**Exercise:** From the records below, extract only the lines running from the line with "ごはん・ふりかけ・いかのてりやき・きゃべつの塩昆布かけ・野菜スープ 主な..." to the line with "Jimmy Choo snake", both lines included, reproducing them exactly.

**Extracted data:**

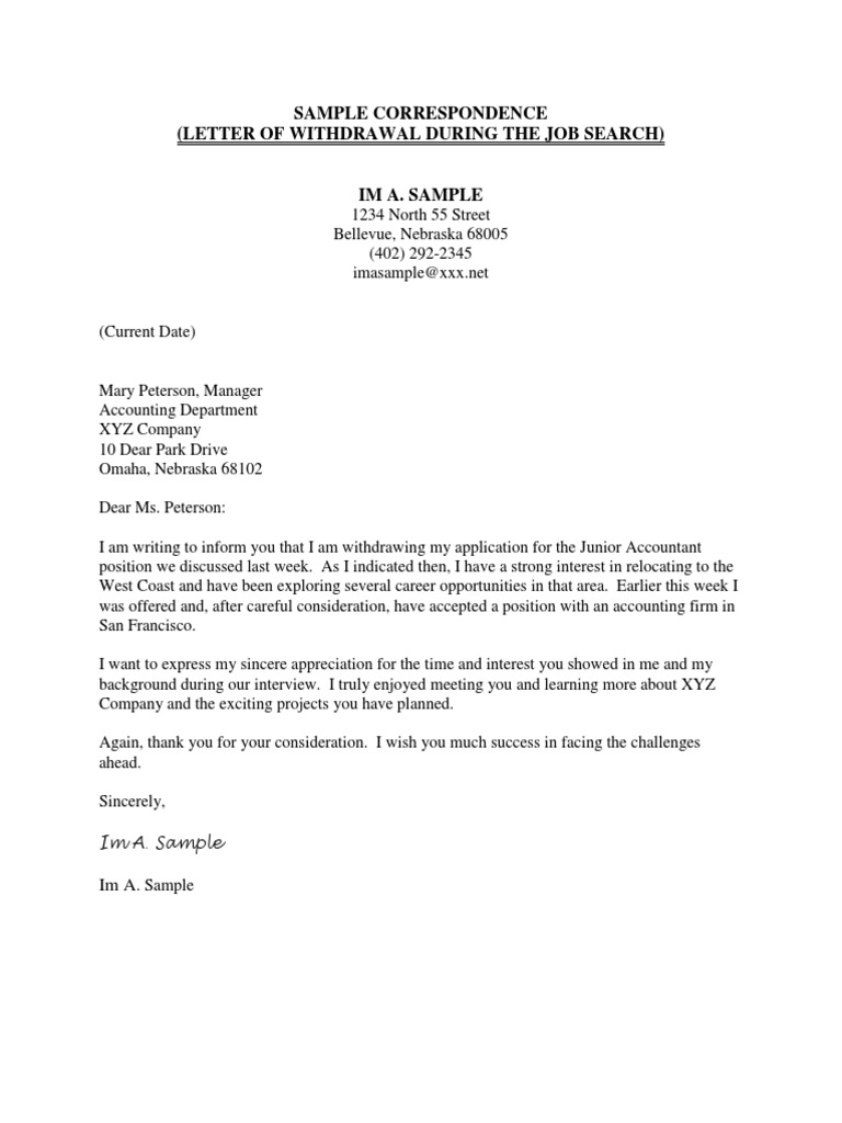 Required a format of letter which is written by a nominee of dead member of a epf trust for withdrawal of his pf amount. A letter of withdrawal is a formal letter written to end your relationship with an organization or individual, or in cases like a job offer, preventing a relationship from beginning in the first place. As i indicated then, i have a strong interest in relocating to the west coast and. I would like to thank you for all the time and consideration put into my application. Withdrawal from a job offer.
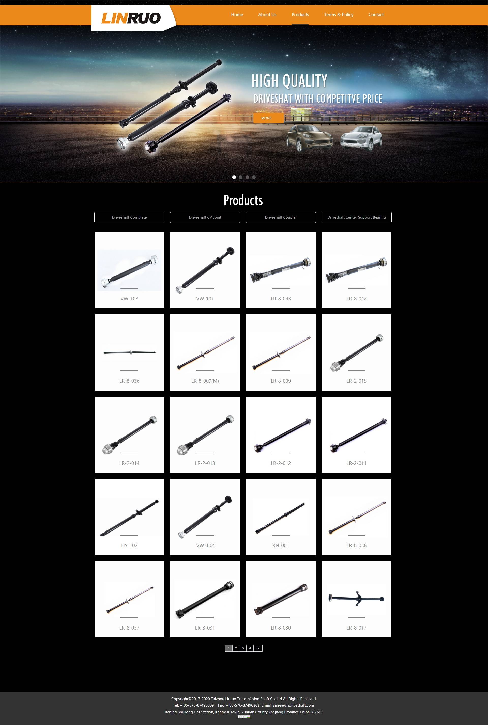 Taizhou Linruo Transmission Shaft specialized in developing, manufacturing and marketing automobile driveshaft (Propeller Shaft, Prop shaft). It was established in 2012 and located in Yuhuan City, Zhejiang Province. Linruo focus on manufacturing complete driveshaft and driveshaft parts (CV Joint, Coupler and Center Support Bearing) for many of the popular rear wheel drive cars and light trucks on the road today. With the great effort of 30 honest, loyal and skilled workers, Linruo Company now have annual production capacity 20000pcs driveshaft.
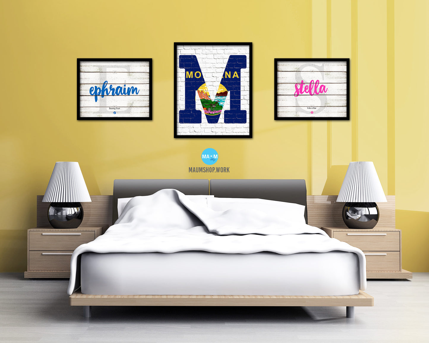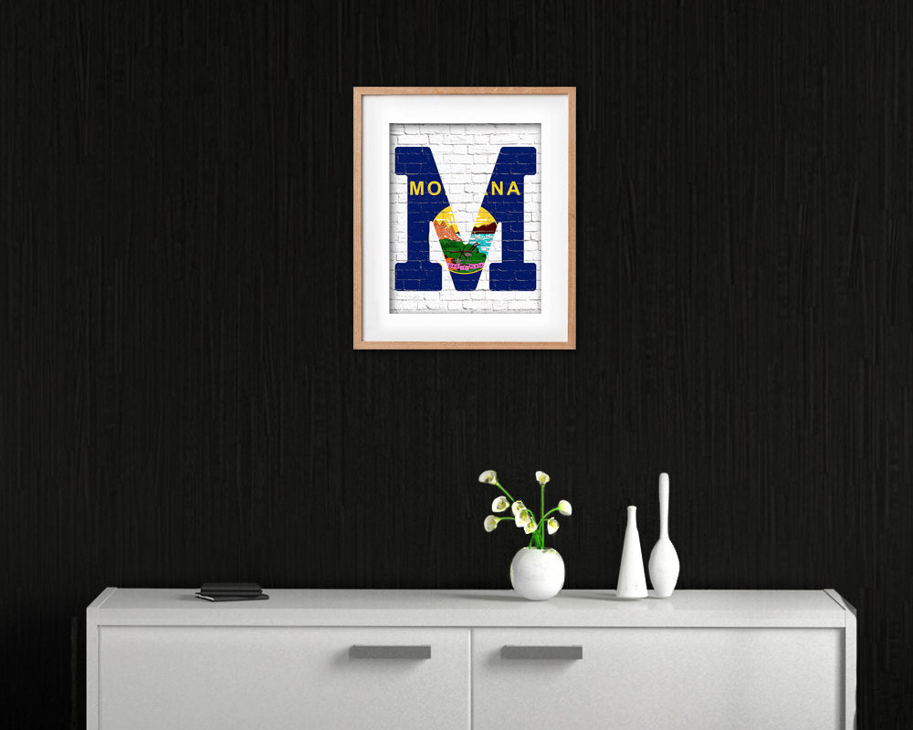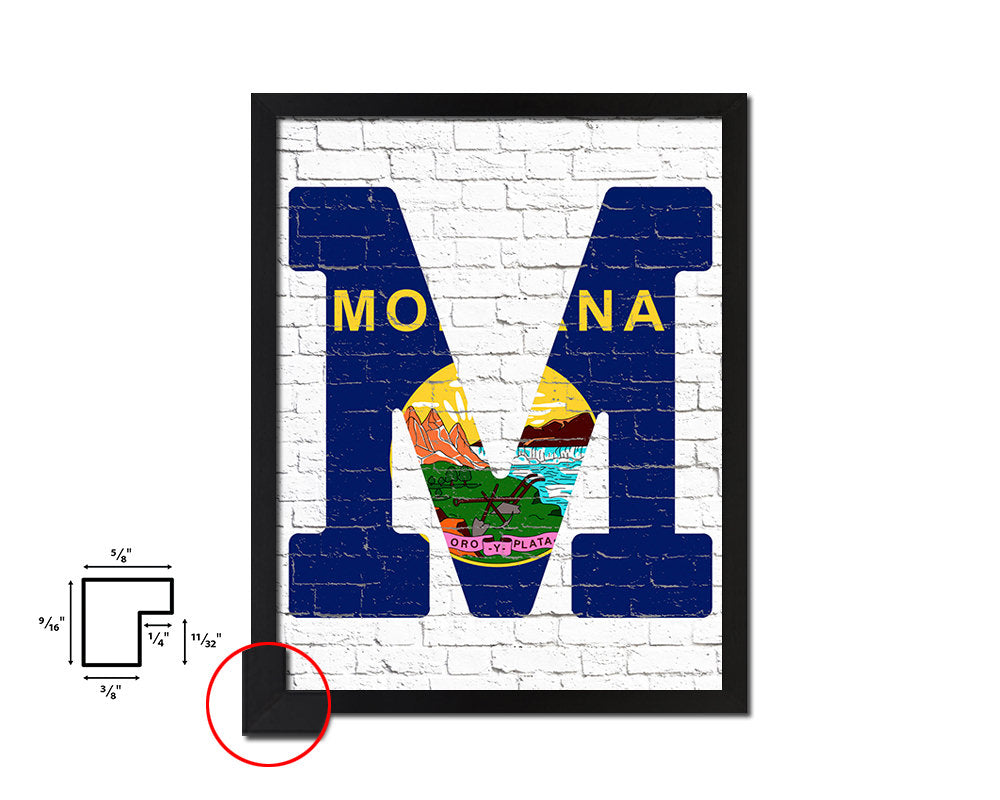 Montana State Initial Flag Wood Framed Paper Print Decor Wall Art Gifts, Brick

...

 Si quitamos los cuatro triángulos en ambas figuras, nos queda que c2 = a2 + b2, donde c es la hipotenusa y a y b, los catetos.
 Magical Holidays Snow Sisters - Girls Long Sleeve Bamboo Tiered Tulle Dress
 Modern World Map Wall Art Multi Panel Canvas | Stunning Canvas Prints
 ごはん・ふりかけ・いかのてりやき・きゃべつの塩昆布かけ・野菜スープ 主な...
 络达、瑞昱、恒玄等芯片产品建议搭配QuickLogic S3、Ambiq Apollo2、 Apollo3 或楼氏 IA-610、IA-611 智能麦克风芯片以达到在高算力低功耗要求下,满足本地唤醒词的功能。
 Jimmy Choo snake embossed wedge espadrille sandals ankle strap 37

---

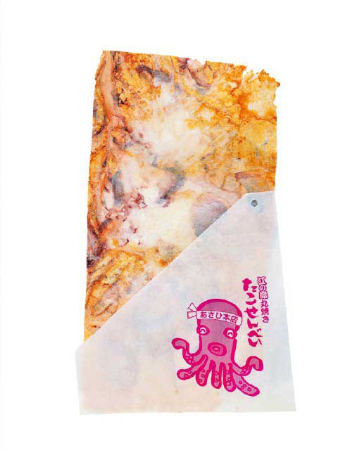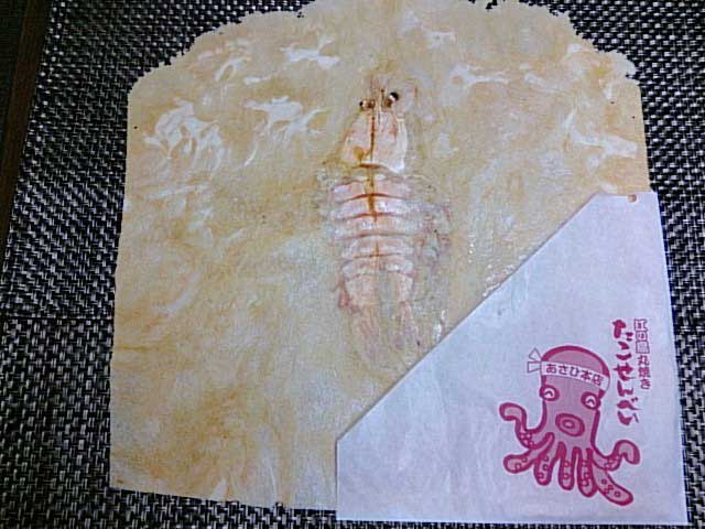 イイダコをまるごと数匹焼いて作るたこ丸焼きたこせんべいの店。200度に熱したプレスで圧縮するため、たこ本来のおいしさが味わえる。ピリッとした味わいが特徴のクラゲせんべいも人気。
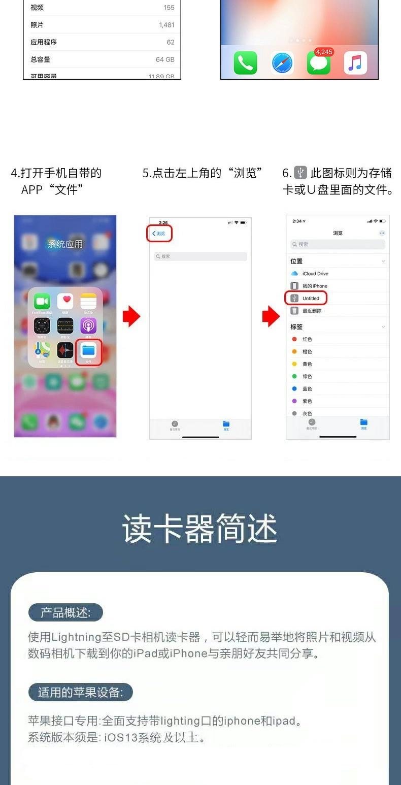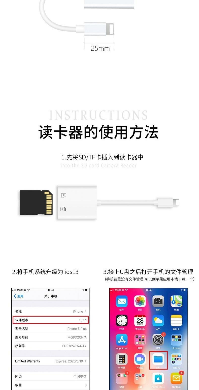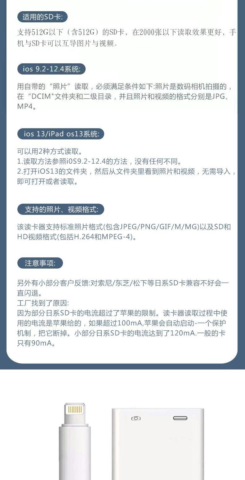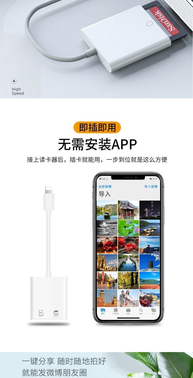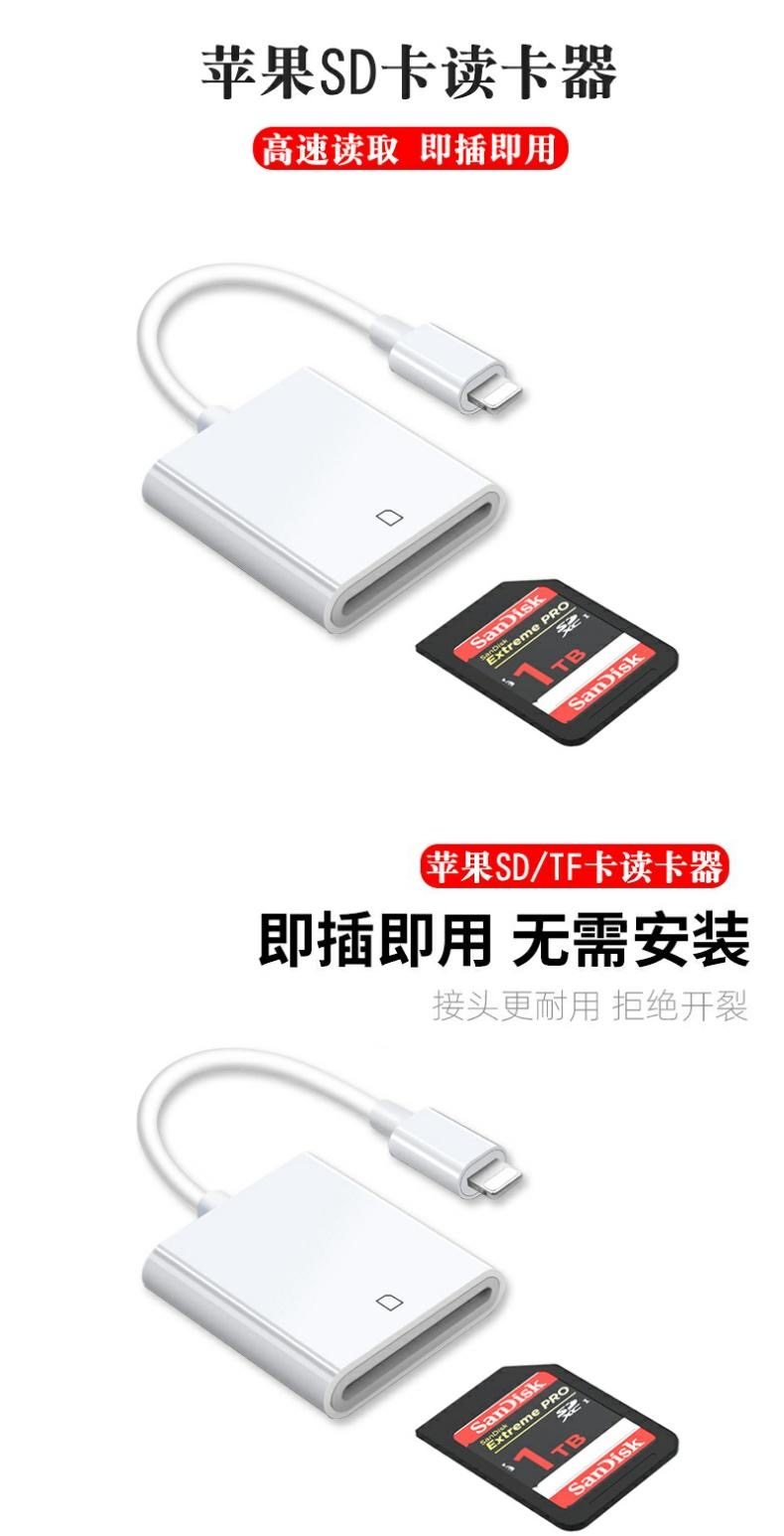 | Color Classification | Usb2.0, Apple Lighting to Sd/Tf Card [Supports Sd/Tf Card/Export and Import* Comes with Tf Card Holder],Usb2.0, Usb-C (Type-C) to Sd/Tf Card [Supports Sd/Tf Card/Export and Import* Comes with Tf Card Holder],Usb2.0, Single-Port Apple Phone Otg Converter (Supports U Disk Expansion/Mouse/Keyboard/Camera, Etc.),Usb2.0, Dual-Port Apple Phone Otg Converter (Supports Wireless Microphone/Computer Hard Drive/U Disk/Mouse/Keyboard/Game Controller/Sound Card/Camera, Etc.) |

**Task solution:**
 ごはん・ふりかけ・いかのてりやき・きゃべつの塩昆布かけ・野菜スープ 主な...
 络达、瑞昱、恒玄等芯片产品建议搭配QuickLogic S3、Ambiq Apollo2、 Apollo3 或楼氏 IA-610、IA-611 智能麦克风芯片以达到在高算力低功耗要求下,满足本地唤醒词的功能。
 Jimmy Choo snake embossed wedge espadrille sandals ankle strap 37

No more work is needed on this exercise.